OLEH: DJONO W OESMAN*
"NO VIRAL, no justice," kata Kapolri, Jenderal Listyo Sigit Prabowo di Rakor Anev Itwasum Polri 2021 disiarkan di YouTube Divisi Humas Polri, Jumat (17/12). Maksudnya, masyarakat lapor polisi, kalau enggak viral enggak diurus.
Itu disampaikan di Rapat Koordinasi Analisis dan Evaluasi Inspektorat Pengawasan Umum Polri. Di hadapan personel Polri. Sebagai peringatan Kapolri terhadap kinerja anak buah.
Itu tidak asal ngomong. Melainkan ada analisisnya.
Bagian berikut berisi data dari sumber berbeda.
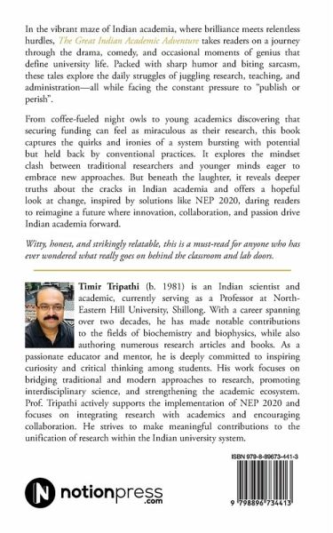 In the vibrant maze of Indian academia, where brilliance meets relentless hurdles, The Great Indian Academic Adventure takes readers on a journey through the drama, comedy, and occasional moments of genius that define university life. Packed with sharp humor and biting sarcasm, these tales explore the daily struggles of juggling research, teaching, and administration-all while facing the constant pressure to "publish or perish". From coffee-fueled night owls to young academics discovering that securing funding can feel as miraculous as their research, this book captures the quirks and ironies of a system bursting with potential but held back by conventional practices. It explores the mindset clash between traditional researchers and younger minds eager to embrace new approaches. But beneath the laughter, it reveals deeper truths about the cracks in Indian academia and offers a hopeful look at change, inspired by solutions like NEP 2020, daring readers to reimagine a future where innovation, collaboration, and passion drive Indian academia forward. Witty, honest, and strikingly relatable, this is a must-read for anyone who has ever wondered what really goes on behind the classroom and lab doors.

Analisis publik, yang dipelajari Polri.
Kapolri: "Saat ini muncul 'No Viral No Justice'. Jadi, kalau tidak diviralkan, maka hukum tak berjalan. Mereka (masyarakat) membuat suatu perbandingan bagaimana kasus yang dimulai diviralkan, dibandingkan kasus yang dimulai dengan dilaporkan dalam kondisi biasa. Mereka melihat bahwa yang diviralkan kecenderungannya akan selesai dengan cepat. Ini tentunya adalah fenomena yang harus kita evaluasi kenapa ini bisa terjadi."
Jenderal Listyo pun menyinggung tagar 'Percuma Lapor Polisi'. Yang beredar meluas di medsos, belakangan ini. Ia menilai, tagar itu muncul karena beberapa kesalahan terkait pelayanan masyarakat.
Listyo: "Jadi, beberapa waktu lalu muncul tagar 'percuma lapor polisi'. Kemudian muncul tagar 'satu hari satu oknum'. Kekerasan berlebihan yang dilakukan Polri dimunculkan. Ada kekerasan saat penanganan unjuk rasa, termasuk saat rekan-rekan bertugas, dan menerima laporan yang belum jelas sehingga terjadi penembakan. Ini juga di mata masyarakat menjadi penilaian."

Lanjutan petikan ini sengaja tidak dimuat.